A new word for me. And sure enough, there is a long history of Hebrew chronograms used in cornerstones, epitaphs and book dedications. Poetic words, suited for the person or occasion being honored, which also encode the date. It’s what we might now call “metadata.” And so here, my ancestors hid a message in the stone, and a historian knew enough to notice the riddle and send it to me. And I, in turn, was clever or lucky enough to solve it. 

This building, now known as the Ehemälige Synagoge, or “one-time synagogue,” is also lucky. Unlike most European synagogues whose structures and membership were destroyed in the conflagration of the Shoah, this community of Jews dwindled in the natural course of things. Its people left the countryside to seek opportunity in big cities — Stuttgart, Mannheim, Cleveland, Chicago. In 1912, the last Jews of Ehrstädt sold the building and peaceably turned over the keys. It became a feed store for decades, then an accounting office, and in more recent years a community center hosting civic meetings, choir rehearsals and yoga classes. 

It has now been a not-synagogue significantly longer than it was the synagogue it was intended to be. And its dedication stone still announces the circumstances, or at least the year, of its birth, for those who know how to see it. 

Knowing how to see it is a tall order in our time. Those of us who have not lived our lives in immersive Jewish realms do not have ready access to the languages of our people, or to the references, stories and quirky tidbits of custom that would enable an easier (and perhaps more playful) relationship with the particulars of our Jewish past. I have been a student of Jewish lore my whole life, and I missed the chronogram entirely, until someone more removed — not Jewish at all, in fact — posed the question. Only then, once my curiosity had been piqued, were the ancestors able to tap me on the shoulder and say hello.

In the Book of Exodus, Moses sees a bush burning, and it is only after he turns aside to examine this oddity that God speaks to him. His curiosity was an essential condition for the revelation he received. 

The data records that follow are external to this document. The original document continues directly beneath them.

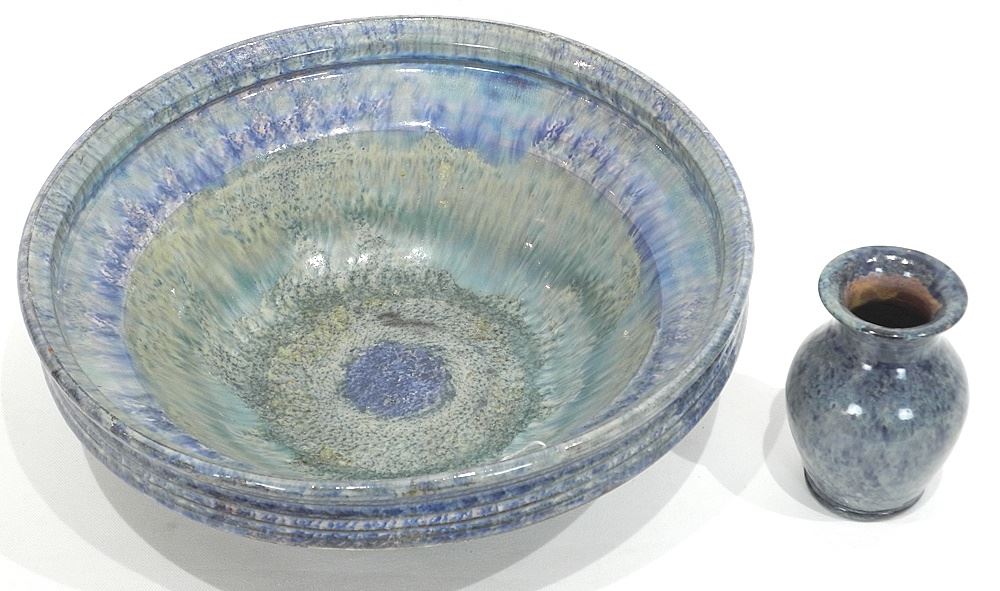 Earthenware Bowl (13 1/2" diam./ cracked) & Vase by Axel Ebring Vernon BC.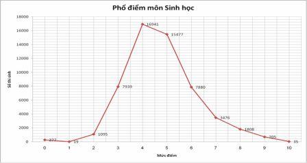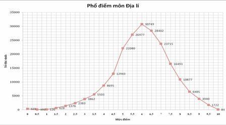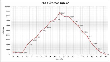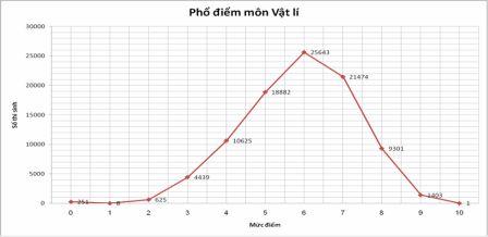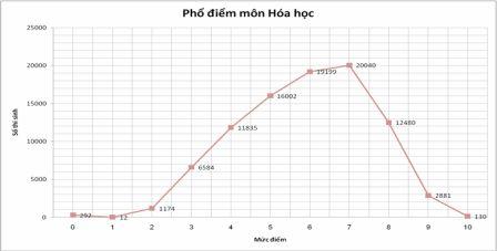 Phổ điểm của các môn thi kỳ thi THPT Quốc gia năm nay do Bộ Giáo dục và Đào tạo tổng kết, cho thấy, môn hóa học có kết quả thi tốt nhất (số thí sinh đạt điểm 7 chiếm đông nhất), tiếp theo đó là môn toán (6,5), vật lý (6), địa lý (6), ngữ văn (5), lịch sử (5), sinh (4), ngoại ngữ (2,5).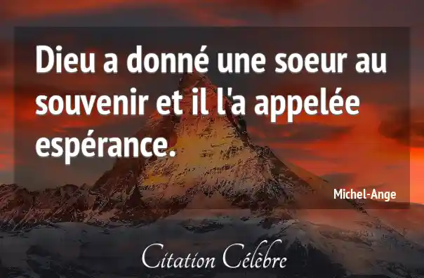 Dieu a donné une soeur au souvenir et il l'a appelée espérance.
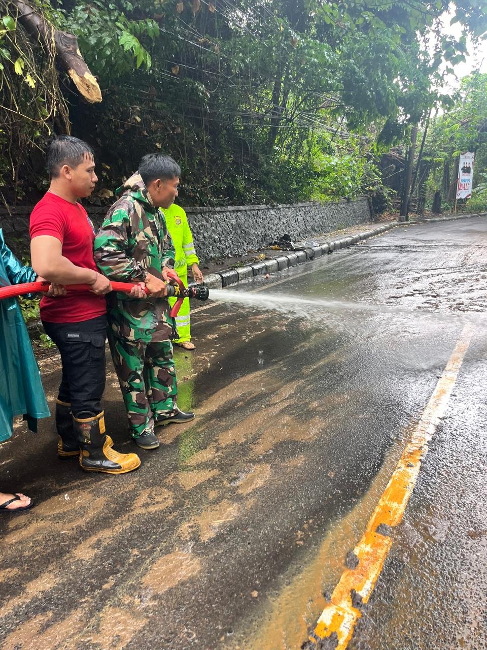 Tampak di lokasi, bersinergi bersama Polsek Banjarangkan dan BPBD Kabupaten Klungkung bahu membahu melaksanakan pembersihan dan evakuasi material longsor yang berserakan menutupi setengah badan jalan yang mengakibatkan arus lalu lintas macet.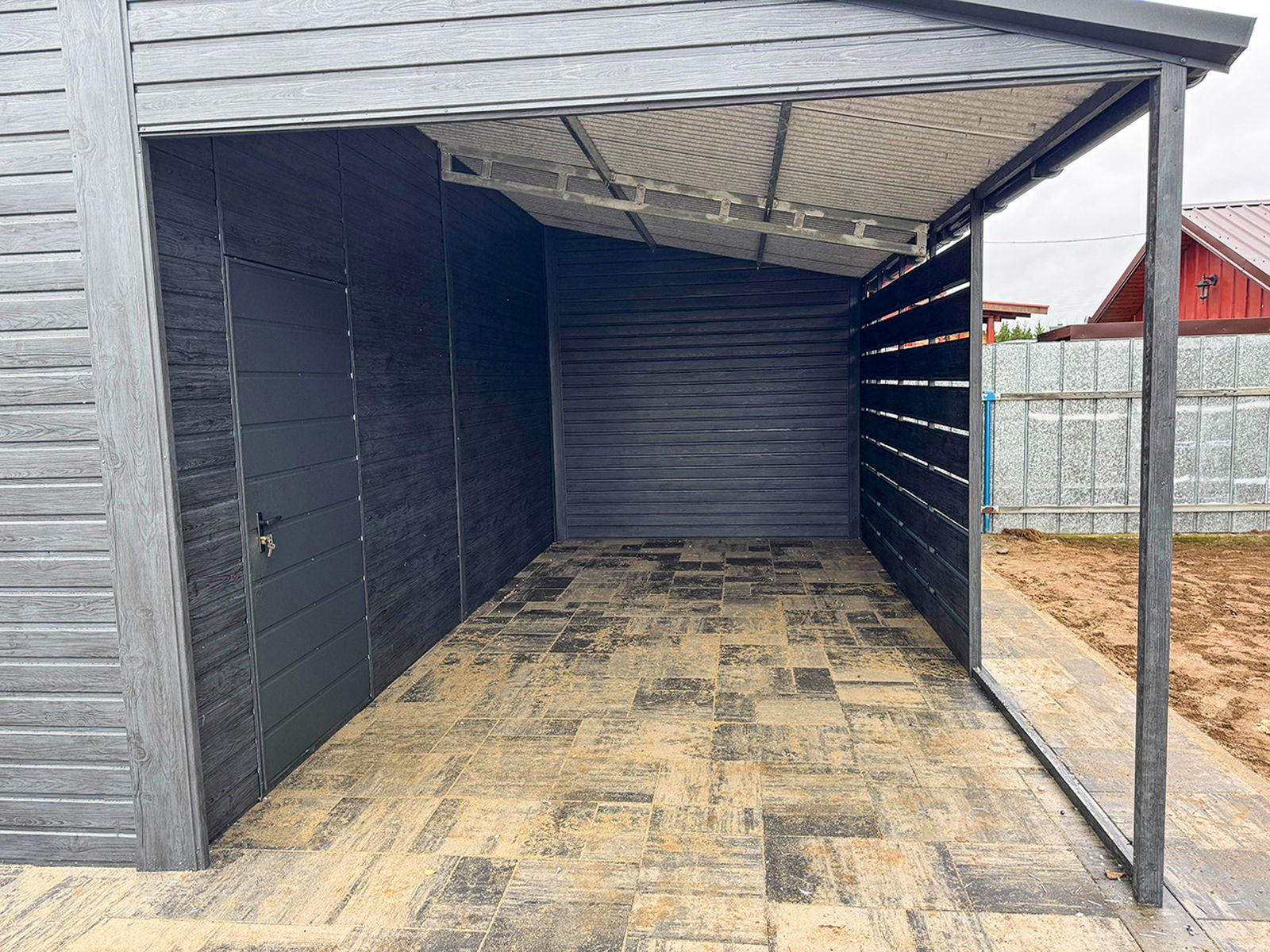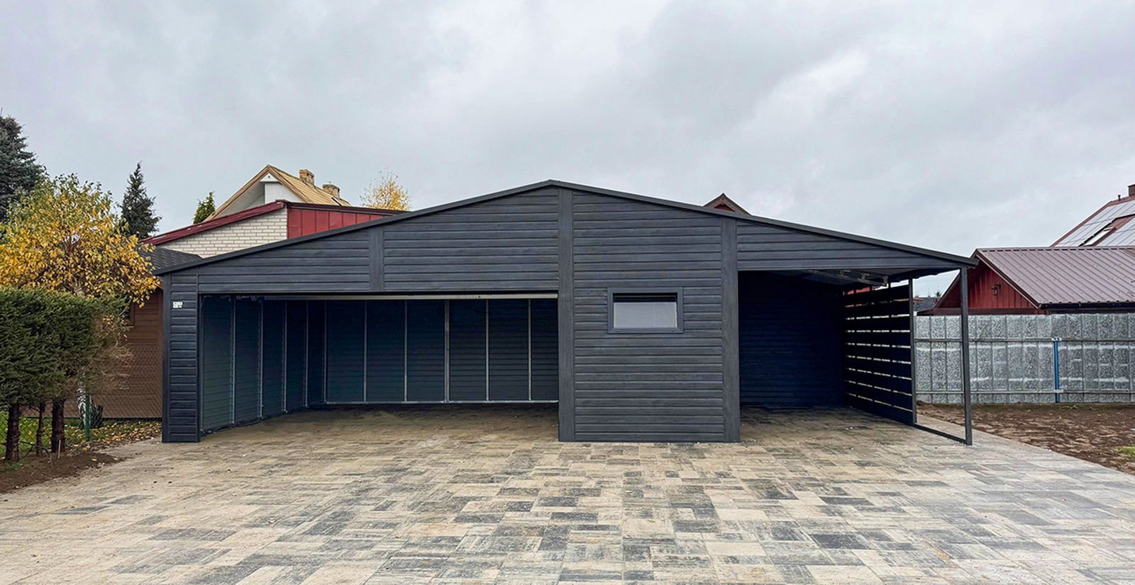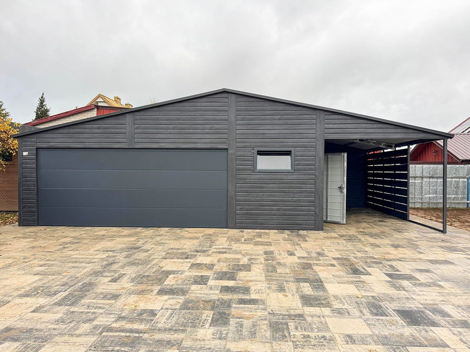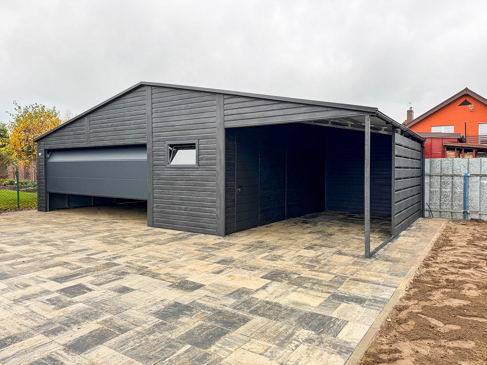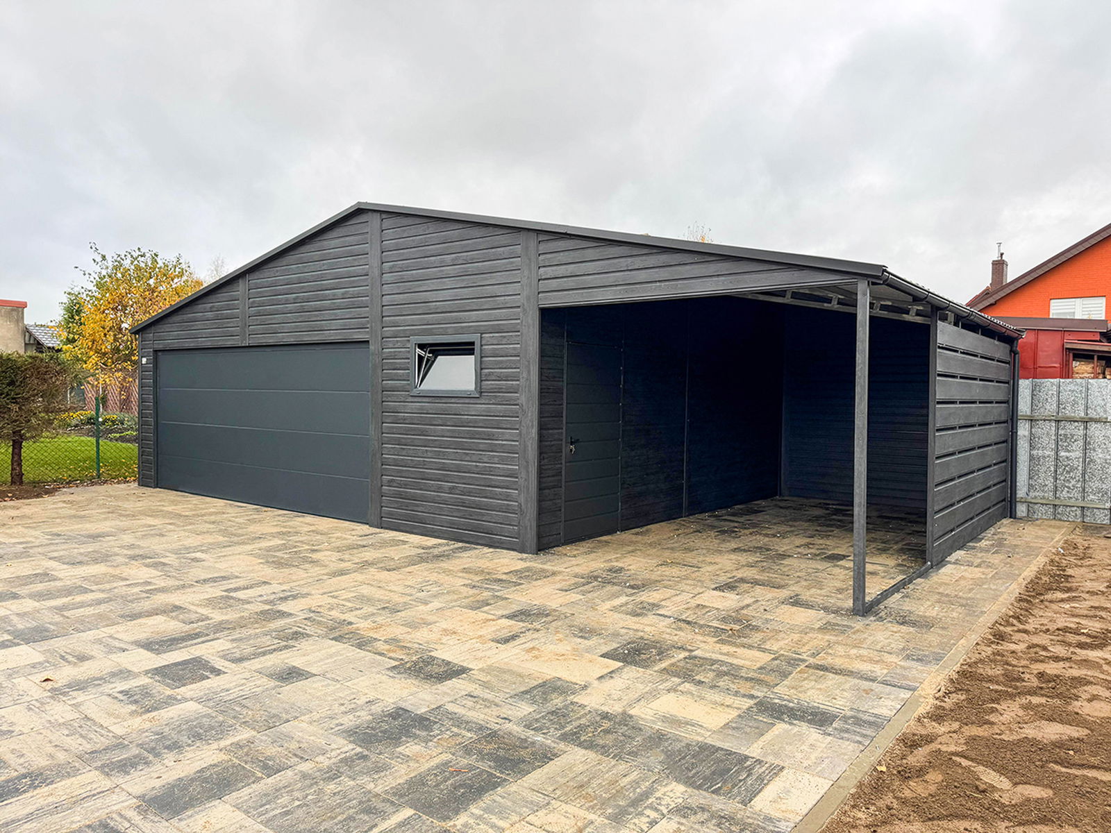 - szerokość: 8 m- długość: 6 m- wiata 3x6 m umiejscowiona z prawej strony garażu z tyłu zabudowana blachąprzetłoczenia T7 poziome kolor sosna norweska zboku na długości 400 cm zabudowana panelami kolor sosna norweska ( kolor odwewnętrznej i zewnętrznej strony wiaty)- obróbki wiaty kolor sosna norweska- rozmiar całkowity: 11x6 m- dach: dwuspadowy kolor antracyt mat BTX 7016- ściany przetłoczenie poziome T7 kolor sosna norweska- brama segmentowa 510x200 cm ,kolor antracyt mat BTX 7016, umiejscowiona naprzedniej ścianie 50 cm od lewej krawędzi- wysokość światła wjazdu 200 cm- drzwi 100x200 cm przetłoczenie poziome T17 kolor antracyt mat BTX 7016,umiejscowione na prawej ścianie 50 cm od przedniej krawędzi, drzwi otwierane na prawo- okno uchylne 100x60 cm PCV kolor antracyt umiejscowione na przedniej ścianie 70 cmod prawej krawędzi, 150 cm od podłoża- wysokość ścian : 243 cm- konstrukcja profil zamknięty ocynkowany - nity + wkręty w kolorze garażu- klamka+ klucze- obróbki ścian kolor sosna norweska- obróbki dachu kolor antracyt mat BTX 7016- rynny+ spusty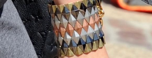 Pulseira com cores um pouco apagadas, azul, marrom, cinza, ajudarão a dar um pouco de cor no look.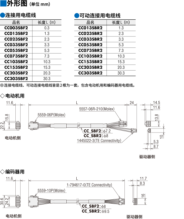请将电缆线全长控制在30.7米以内(不包括电动机电缆线,总共不超过3根)。电动机用电缆线和编码器用电缆线是成套的。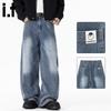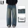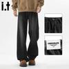 CHOCOOLATEit Men's Raw Denim Curved Wide-Leg Jeans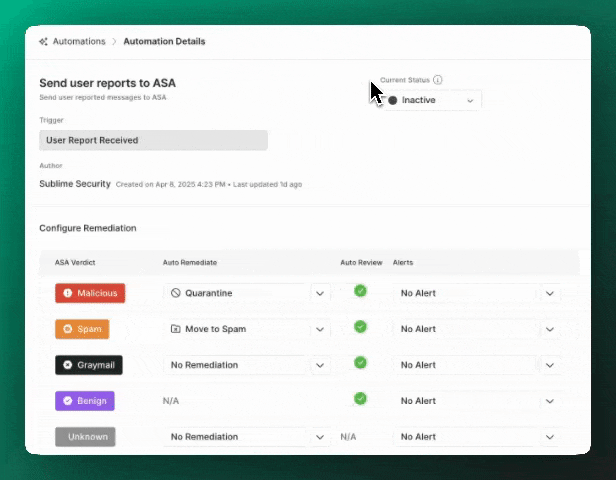 activestate, the ASA Automation will analyze, triage, and remediate user reported messages. - You can adjust the auto-remediations, auto-review status, and custom alerts for individual ASA verdicts to give ASA as much or as little autonomy as you’d like!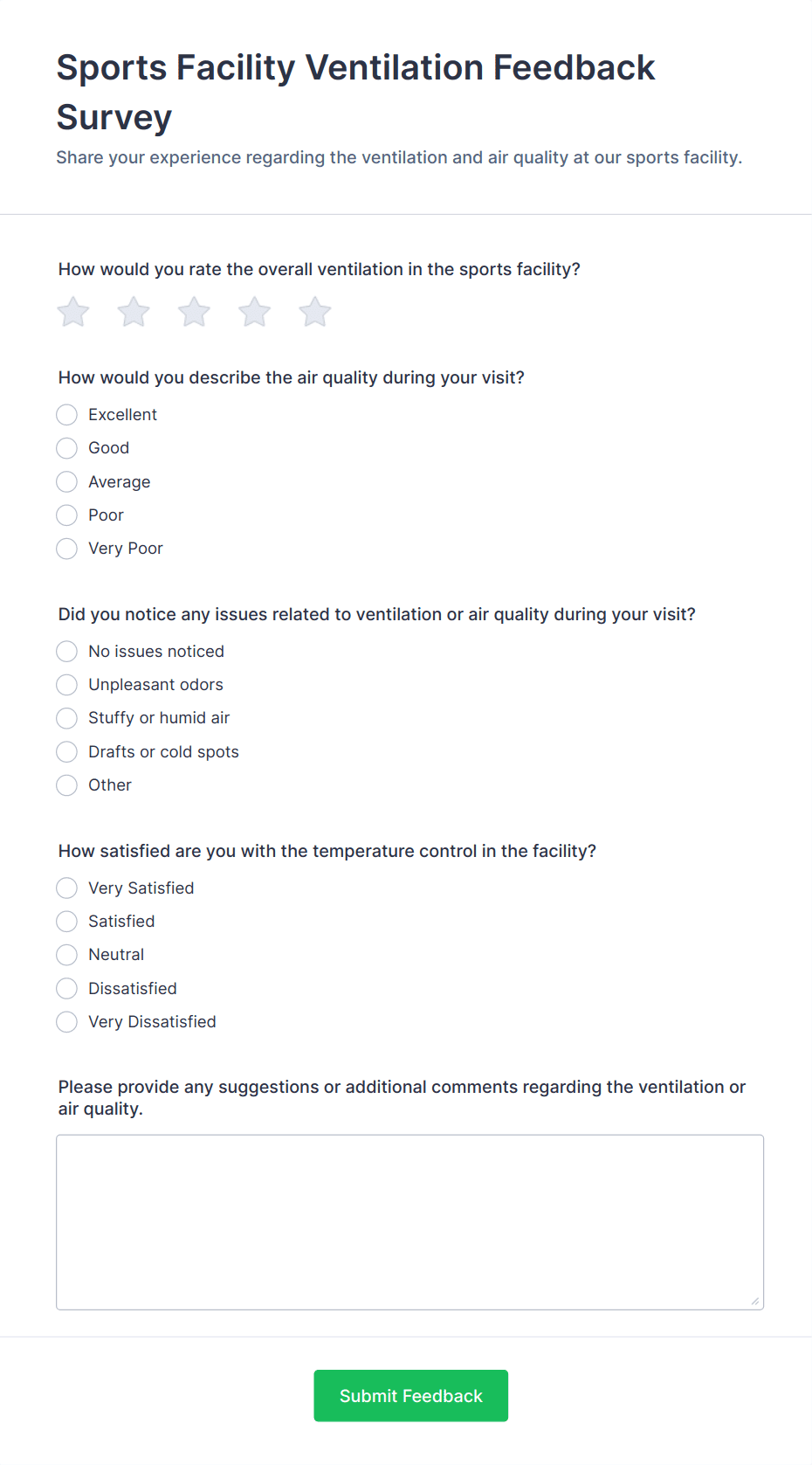 Create an anonymous feedback form in seconds with this ready-made template. Easy to customize and share. Works on any device. No coding knowledge required.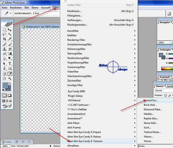 Für die Textur brauchen wir ein den Filter-> Eye Candy 5-> Animal Fur.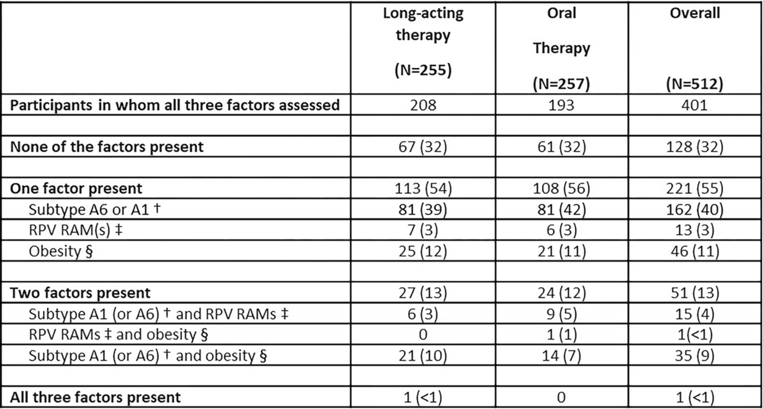 1. * Table shows number of participants (and proportion of those assessed) with each potential risk factor or combination of risk factors for virological failure within the 401 participants in whom all 3 risk factors were assessed. The three risk factors are those identified in multivariable analyses of pooled data from previous trials of long-acting therapy (Orkin et al, Clin Infect Dis 2023; 77 (10) 1423-1431).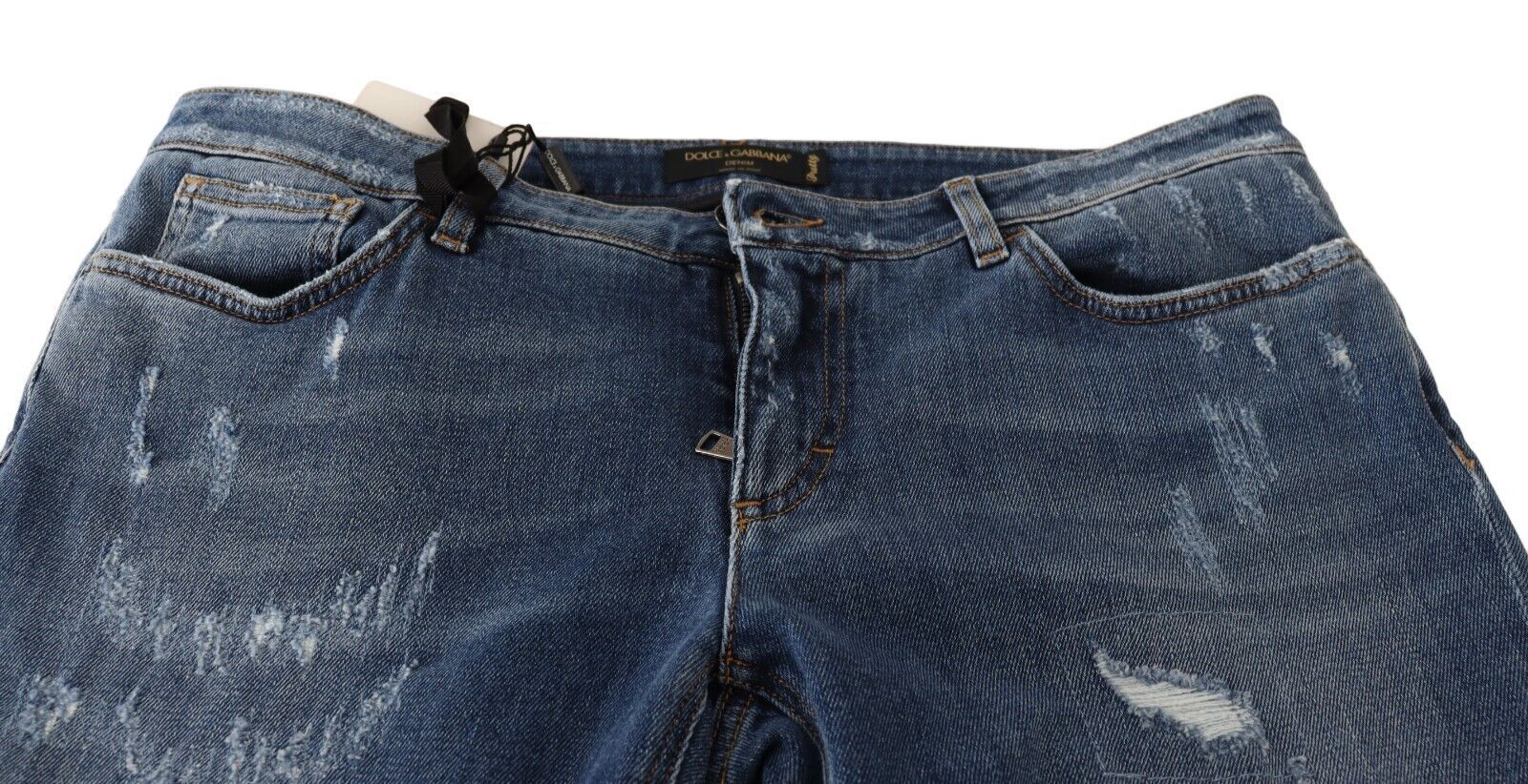 Revamp your wardrobe with the elegant sophistication of Dolce & Gabbana’s distressed skinny jeans. Perfect for those who love to combine glamour with a touch of edge, these jeans feature a flattering mid waist and convenient zipper closure, tailored for a regular fit that contours gracefully to your figure. Constructed from a premium cotton blend, they assure comfort without compromising on durability or style.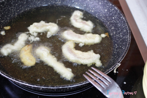 Es algo tan simple como unas tiras de pollo empanadas. Pero para hacerlas más gustosas, las macero un rato en un aliño que les da muy buen sabor.
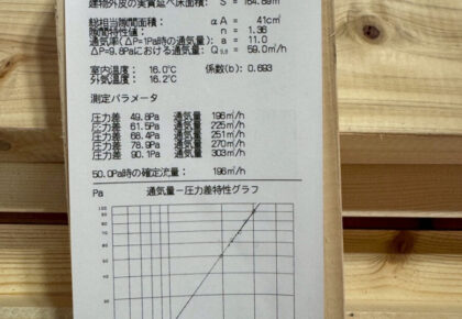 自然素材に包まれた大屋根の家 本日、気密測定を実施いたしました。 C値0.2㎠/㎡ 家づくりで意外と知られていないのが気密測定です。 これは、家にどれくらい「すき間」があるかを数値で確認する、いわば家の健康診断です。 ど…続きを読む

We might not be in a position to receive prophecy of biblical proportions, but Exodus recognizes that the uncanny happens to the curious. We don’t need to be experts in gematria or scholars of Psalms to open the lines of communication with our ancestors and with our rich, varied, colorful Jewish past. But we do need to be curious. 

The more we follow our questions and the more our imaginations are stoked, the greater the field of contact we have between past and present. The more our eyes are open, the more we see. The more we wonder about connections, the more connections reveal themselves. Being curious is not in itself a method, but a stance from which we can better breathe the breadth of our past and be part of the fullness that still lives on, even in hidden ways.

No promises as to what your results will be. But this is the gate. May the righteous — and the curious! — enter through it.